Toda tu vida está en el móvil. En ese aparato que lleva ya un año contigo y que es como una parte de ti. Conoces su forma, su tacto. Los bordes redondeados de su funda azul Klein – el color corporativo de tu empresa – su peso que deforma ligeramente los bolsillos de tus americanas.
Tu móvil. Con las fotos de tus hijos, las de tu madre, las de aquel verano de antes de la pandemia. Con tus redes sociales, y el puñado de likes que cosechas ansioso como si fuesen los destellos de ese éxito que ya sabes que nunca tendrás. Con tu correo, el personal y el del trabajo. Con la APP esa que te cuenta los pasos y que te da la falsa sensación de que estás haciendo algo para perder el peso que dices que no es tuyo, pero lleva contigo desde el 2019. Con la otra APP, la de reservar en el gimnasio, que te recuerda, acusadora, lo poco que vas. Con otras diez o doce, o vete a saber cuántas APP más, que ya no sabes ni para qué son, que te descargarte en su día y que no usas. Con tus tarjetas bancarias. Con las tarjetas de embarque del viaje del lunes. Con tus whatsapps, ¡tus whatsapp! Las conversaciones que deberías haber borrado y que conservas ocupando espacio. Esos grupos de los que nunca saliste y en los que te quedaste como administrador, o incluso como único miembro. Con las fotos de los perfiles, que cotilleas de vez en cuando. La foto de ella… Y sus whatsapp. Los de antes. Porque hace ya casi seis meses que no sabes nada de ella. Bueno, nada no. Sabes lo que te enseñan sus fotos de perfil, lo que imaginas a través de sus estados. Que dices tú, que si no te ha excluido de las personas que pueden verlos, será por algo. A lo mejor ella también se acuerda de ti. Como tú de ella. A lo mejor, a pesar de cómo acabasteis, a pesar de que hace más de seis meses que no habláis, a pesar de las caras sonrientes en los viajes, en las cenas, que te miran desde su número durante solo veinticuatro horas, ella no quiere cortar todos los lazos contigo. O sí. Y no se acuerda de ocultártelos. O sí, y prefiere que la veas, continuamente, que sientas que lo pasa bien, que no te recuerda, que cada uno de sus días es un día más feliz sin ti. Seguramente eso tiene un nombre. Lo que tú haces, cotilleando y lo que hace ella, exhibiéndose. Seguro. Ahora todo lo tiene. Pero tú no lo conoces.

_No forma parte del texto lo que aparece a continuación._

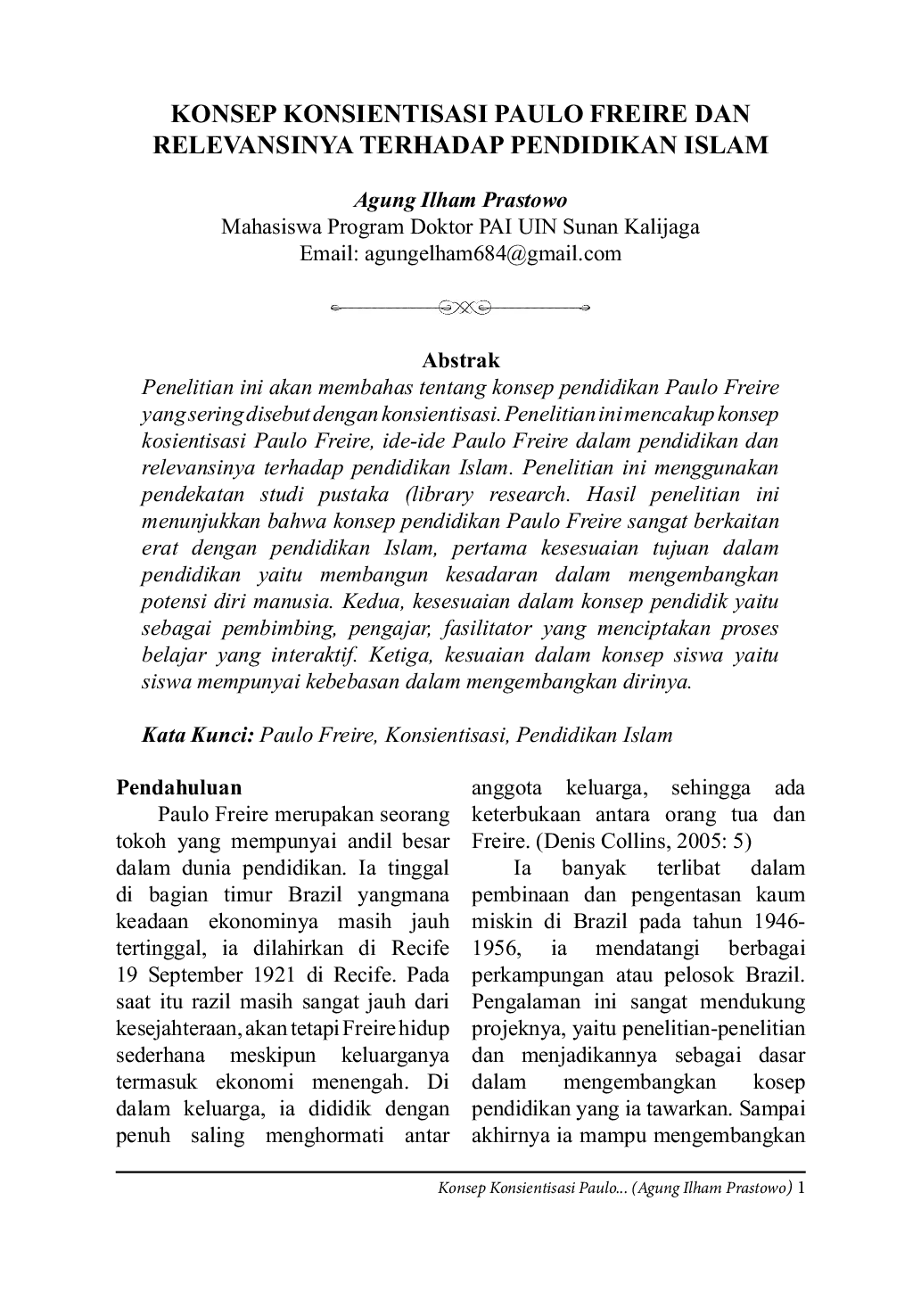 Suhuf: International Journal of Islamic StudiesSuhuf: International Journal of Islamic StudiesPenelitian ini membahas tentang konsep pendidikan Paulo Freire yang sering disebut dengan konsientisasi. Penelitian ini mencakup konsep kosientisasi Paulo Freire, ide-ide Paulo Freire dalam pendidikan dan relevansinya terhadap pendidikan Islam. Penelitian ini menggunakan pendekatan studi pustaka. Hasil penelitian ini menunjukkan bahwa konsep pendidikan Paulo Freire sangat berkaitan erat dengan pendidikan Islam, pertama kesesuaian tujuan dalam pendidikan yaitu membangun kesadaran dalam mengembangkan potensi diri manusia. Kedua, kesesuaian dalam konsep pendidik yaitu sebagai pembimbing, pengajar, fasilitator yang menciptakan proses belajar yang interaktif. Ketiga, kesuaian dalam konsep siswa yaitu siswa mempunyai kebebasan dalam mengembangkan dirinya.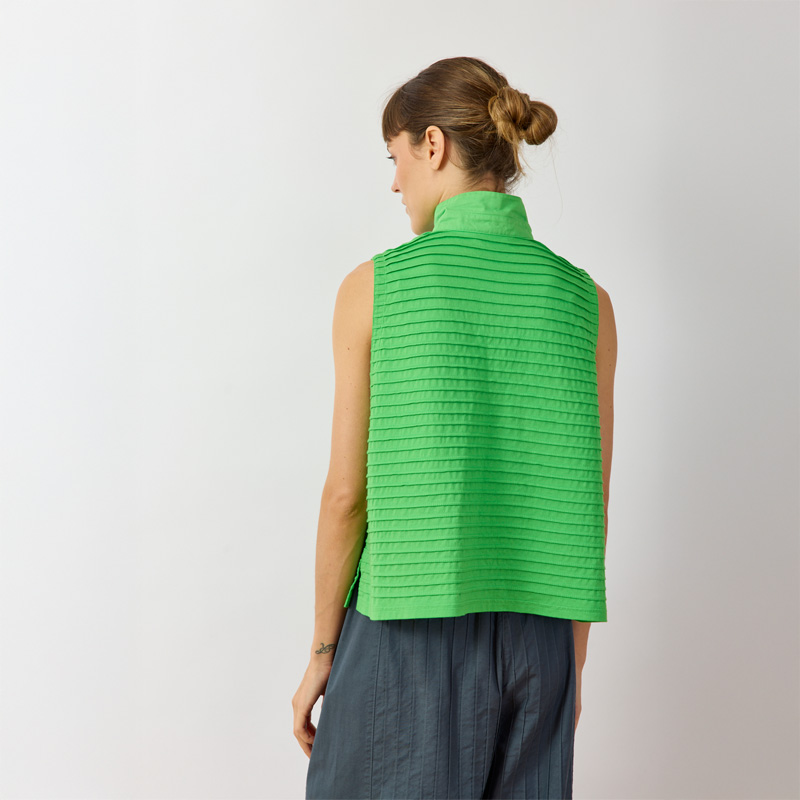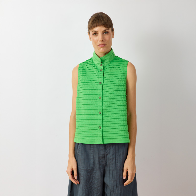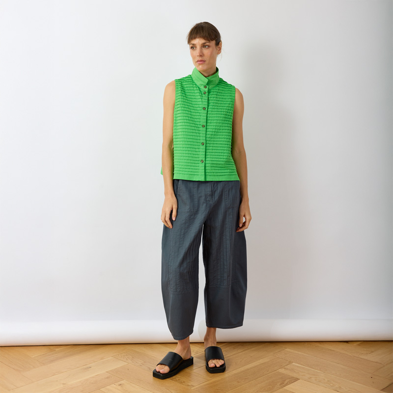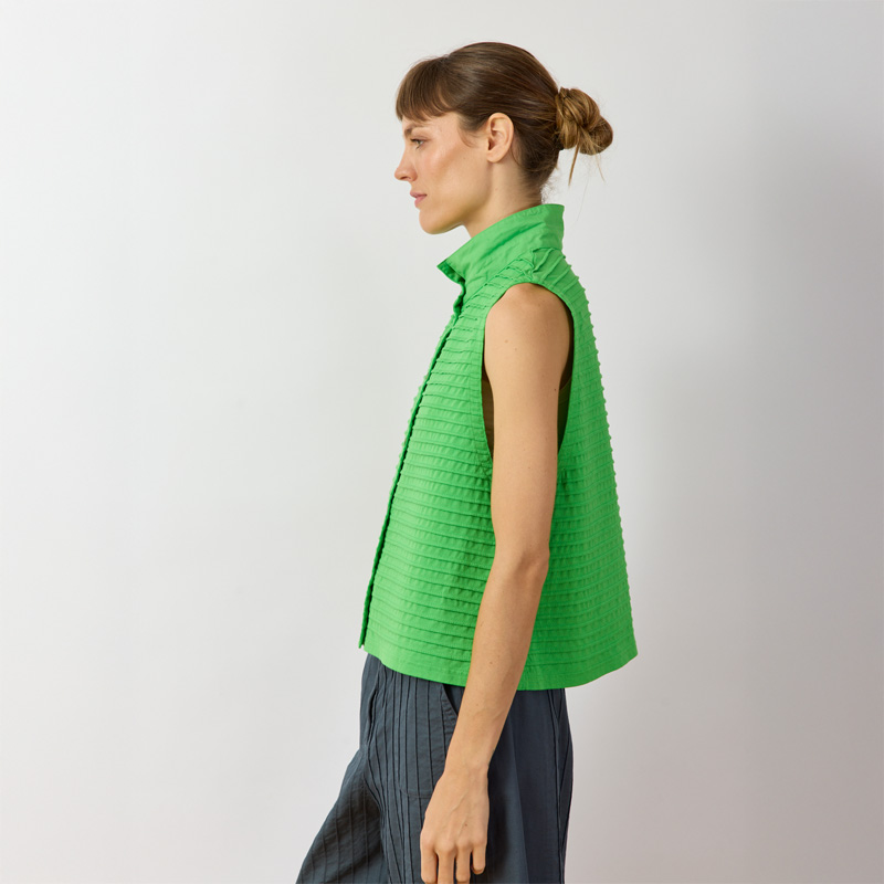 The Kantan Jersey Waistcoat, constructed from soft cotton jersey with all-over pintucks, offers a boxy fit and generous armholes for easy layering. Its length balances perfectly with summer trousers. The short stand-up collar in lawn fabric can be worn up or turned down for added interest. The straight hemline features side splits. Colour is achieved using a garment-dye process for a softer hand feel.
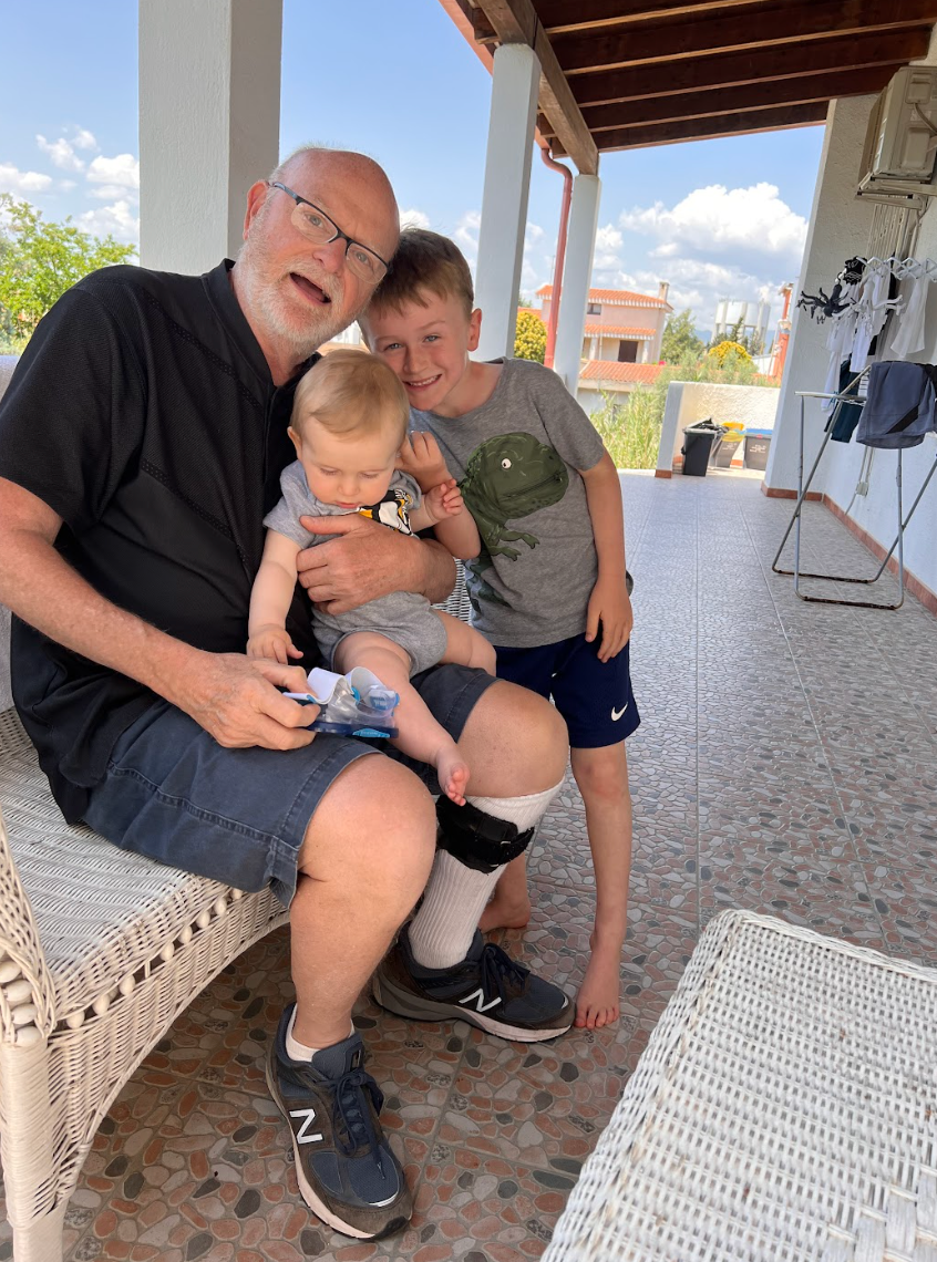 "At a time when the universe had robbed me — of my husband’s health and companionship, of security, contentment and peace of mind — she offered me a gift." Ten minutes after my husband arrived in his hospital room, the space throbbed with doctors, nurses, therapists and technicians. Warnings beeped on machines. White coats huddled and whispered. And then Joel was rushed back out the door, gurney wheels spinning, propelled by a fleet of scrubs in sprint mode. We had just returned from the Olympic Games in Rio de Janeiro. Our next trip would be from Wisconsin to Portland, Oregon, to welcome our first grandchild. But first, Joel elected to have a hip replacement. He counted on it to improve his quality of life. Instead, a nick from the retractor caused a life-threatening bleed that set off a cascade of catastrophes. Within a few hours, he went from a healthy, active, 63-year-old to an unconscious, life-support-dependent ICU patient. Kidney failure followed, plus an obstructed colon and compartment syndrome — all complications of what should have been a routine procedure. To make matters worse, the doctor who fucked up his hip replacement was in charge of fixing the mistake. I had trusted too much — the doctors, the hospital, the statistics proclaiming hip replacement common and safe. Why hadn’t I asked more questions? I thought, berating myself. Why hadn’t I educated myself about the risks? Why hadn’t I asked for the procedure to be done at a larger, regional facility? Prepared for a one- to three-day hospital stay, with a return to normal in six weeks, Joel instead embarked on a monthslong hospitalization with no guaranteed survival. And since he was drugged into incoherence, I made decisions for him. With no medical knowledge and little experience in trauma, surgeries or hospitals, I once again trusted too much. The staff invited me to daily briefings, but their terminology confused me, and I missed information because they talked so fast. I wanted to go back in time. I hoped it was all a dream. Still, I tried to memorize their words and repeat each message to our daughters. The community hospital’s small cadre of ICU nurses monitored Joel around the clock, checking his breathing tube, supervising dialysis and scheduling multiple surgeries per week. Nurses handed me consent forms with little explanation, assuring me each surgery was essential to remove dead tissue from Joel’s leg. I signed the forms until 90% of his lower leg muscle was gone. The author (background left), her husband Joel (foreground left), her daughter, Elizabeth, and her partner, Josh, celebrating a birthday in Wauwatosa, Wisconsin. I had so many questions: Why was the doctor who botched the hip replacement now in charge of Joel’s recovery? Why did the lead surgeon disregard the colon specialist’s recommendation to have Joel evaluated elsewhere? Why was there a rotating staff instead of one director in charge of intensive care? And why were two of Joel’s doctors arguing at the central ICU desk? “You know what they’re arguing about, don’t you?” she said. She never asked if we were Jewish (we’re not) or if I needed spiritual guidance. Just minutes before, a nurse had told me one doctor advocated amputating Joel’s leg; the other disagreed. The argument continued. Why only two doctors instead of a larger team? I wondered. Why did they not ask my opinion? Who would make the ultimate decision? “You can request a different hospital,” she told me calmly, as though she had been reading my thoughts. “You could have your husband transferred.” Twenty minutes to the east was a prominent medical facility affiliated with a medical college and staffed with hundreds of doctors, research teams, and state-of-the-art equipment. But in the fuzz of shock and stress, I hadn’t considered this alternative. “Maybe discuss it with your daughters,” the rabbi said. For the first time in two weeks, I sensed someone on my side. She had assessed the situation and proposed I abandon the place that employed her. She suggested there was a better place than the one she represented. But more than that, she gave me agency. She assumed I had power even as I felt powerless. She assumed I was fierce even as I felt impotent. Her suggestion seemed impossible. Doctors, not wives, made decisions. Would anyone listen to me? I wondered. How would I move a critically ill man who needed minute-by-minute monitoring? Still, I knew if I didn’t act quickly, my husband’s leg could be gone. He could even lose his life. Joel playing with grandchildren Stanley and George in Sardinia, Italy. "Joel and I joined our daughter, Gwen, there to help with childcare while she trained for and raced a triathlon," the author wrote. I went home, and I made phone calls to that regional hospital. I discovered a team of limb salvage specialists who saved legs instead of amputating them, and I found a doctor to supervise my husband’s case. At 7 a.m. the next day, intimidated and fearful, I approached the authority figures I had been taught to trust — the medical professionals who towered from their self-constructed pedestals. I told them I had initiated a transfer and my husband would be leaving their facility. All day, I endured delays, waiting for a bed, waiting for approval, waiting for coordination — waiting, waiting, waiting. At 10 p.m., Joel was transferred in an ambulance to the larger hospital, where he would spend the next 2 1/2 months. He still required surgeries, feeding tubes and dialysis. But now, he had a team of doctors dedicated to saving both limb and life, with resources beyond those in the local hospital. And he had a wife with a voice. Would I have found my voice without that rabbi? I’m not convinced I would have. But once I initiated change, I intended to do it again. Not all my requests were heeded. But sometimes, when I pointed out a symptom or insisted on a test, my inquiry led to a new treatment. My husba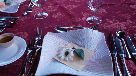 テーブルセッティングは、お皿の上に和紙とお花。カワイイです。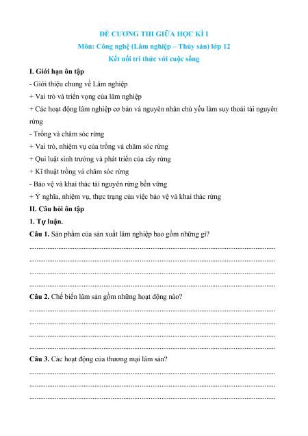 Đề cương ôn tập giữa kì 1 Công nghệ 12 Lâm nghiệp, thủy sản Kết nối tri thức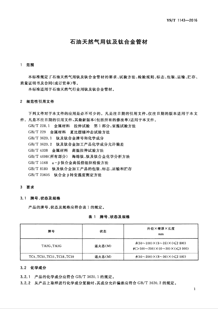 YS/T 1143-2016 石油天然气用钛及钛合金管材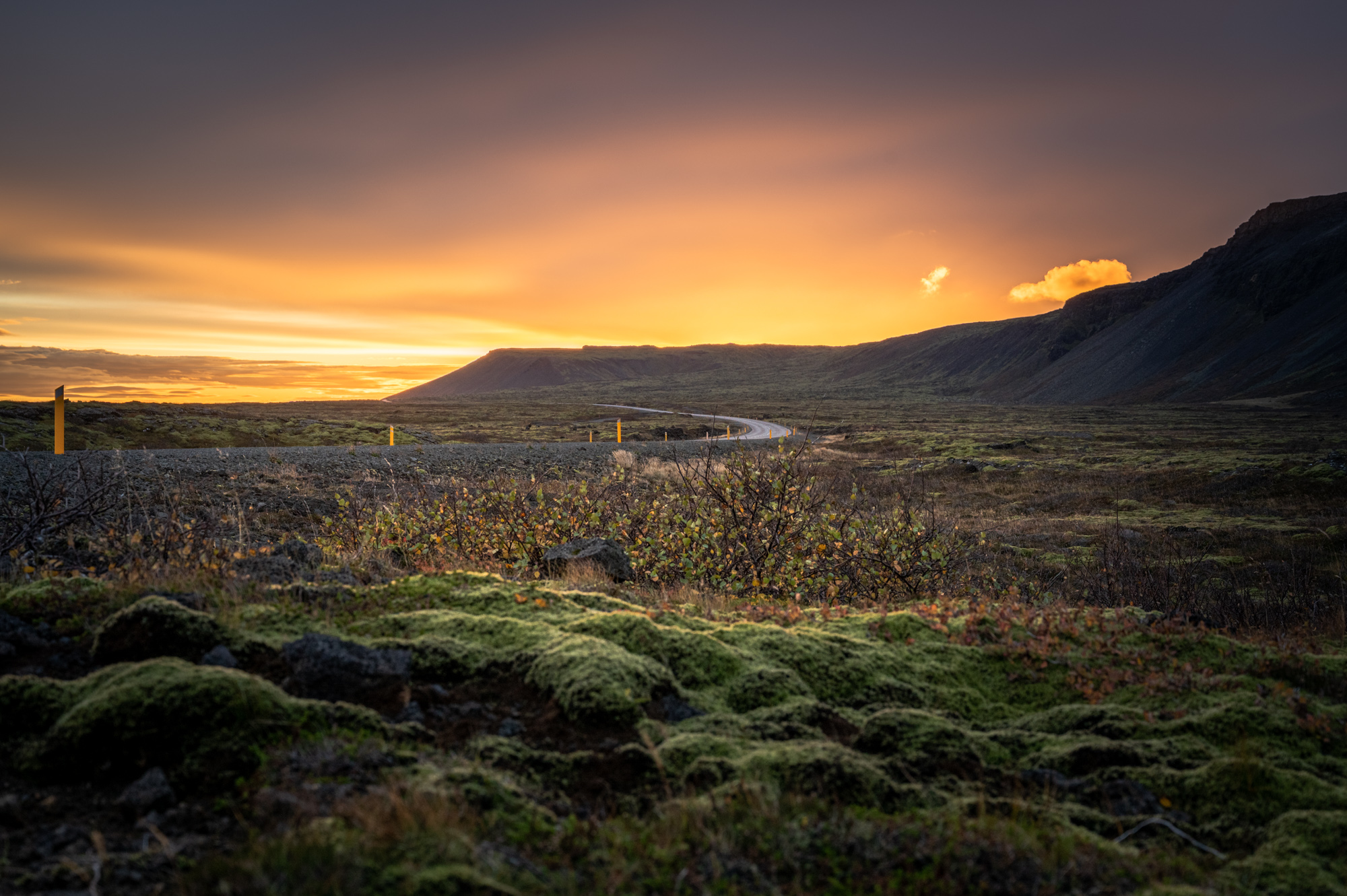 Jetzt, wo die nette Gesellschaft mit Check-in und Abendplanung beschäftigt ist, trete auch ich meine Rückfahrt an. Eigentlich sind es nur 50 Kilometer bis zu meinem Hotel in Selfoss. Aber der Entschluss steht schon lange fest: Seltún und die Umgebung um Krýsuvík müssen nochmal als Zwischenstopp herhalten. Dadurch verdoppelt sich die Strecke. Aber zu beeindruckend war die Landschaft, zu verlockend, sich dort noch einmal in Ruhe umzuschauen, zu groß die Neugier zu erfahren, was genau ich übersehen habe. Die Sonne nähert sich ganz langsam, aber immer noch beständig, dem Horizont. Sich in Ruhe umzuschauen, liegt also im Auge des Betrachters. Dank des entspannteren Verkehrs stadtauswärts komme ich immerhin geschmeidiger vorwärts. Knapp hinter dem Aurora-Basecamp sehe ich, wie die Landschaft quer von einer geraden, recht schmalen Furche gequert wird. Vorhin ist mir dieses markante "Detail" gar nicht aufgefallen. Es ist der Grabenbruch, der Island diagonal durchschneidet. Der Ort, oder eher die Linie, an der sich die eurasische Platte mit etwa 2 Zentimetern pro Jahr von der nordamerikanischen entfernt. Der Grund dafür, dass die Erde sich entlang dieser Linie von ihrer aktivsten Seite zeigt: intensiver Vulkanismus garniert mit zahlreichen Erdbeben. Ich steige die wenigen Meter vom Straßenrand herab in den Graben, blicke über ein moosbedecktes Lavafeld, links und rechts davon die kerzengeraden Bergrücken. Mich beeindruckt's sehr. Es beeindruckt mich deutlich mehr, als mit jedem Bein in einem anderen Land, auf einem anderen Kontinent zu stehen.

Metes la mano en el bolsillo y lo notas. O mejor, no lo notas. No está. No está el móvil en tu bolsillo. Y viene a ti la sensación, esa que anuncia el pánico. Esa que te asalta cuando no lo encuentras, cuando lo dejas en la mesa, o en otro cuarto. Cuando se te olvida. No tienes el móvil. Miras a tu alrededor. No está. Levantas el cuaderno, las hojas. Nada. Que no lo ves. ¡Joder!, qué contrariedad. Ya lo has perdido. Otra vez. Te sucede como unas diez veces al día, porque eres muy despistado. Y lo llevas a todas partes. Y lo consultas casi constantemente. Y te lo acabas dejando. Pues me llamo y ya está. Pero no suena. Ahora no suena. No está en tu despacho. Empiezas a sentir un ahogo, como si el cuello de la camisa te quedase estrecho. No puede ser. Si no he salido. Si llevo todo el día aquí. Y lo traía. Lo traía por la mañana. De eso estoy seguro. Porque he marcado la hora de entrada en la APP de registro horario. Y he contestado como veinte mensajes. Del grupo del fútbol, de mi prima… Hasta del grupo de familia, que hay que ver qué pesado estaba esta mañana Miguel. Lo tenías, claro que lo tenías. Pero ahora no. Ahora no está y no sabes qué hacer. Y no suena. Si ya te lo dice siempre Mariana, “es que deberías llevar dos móviles, no deberías tener todo en el del trabajo”. Pero para ti eso es un lío, ir con dos, qué rollo. Por eso tienes las dos tarjetas en el móvil corporativo. Y lo que no tienes ahora es el móvil, que no sabes dónde está. Decides salir y decirle a Susana que te llame, a ver si suena en el baño, o en la sala de reuniones. Desde la recepción seguro que lo oyes si suena. Y en algún sitio tiene que estar. No se puede haber evaporado.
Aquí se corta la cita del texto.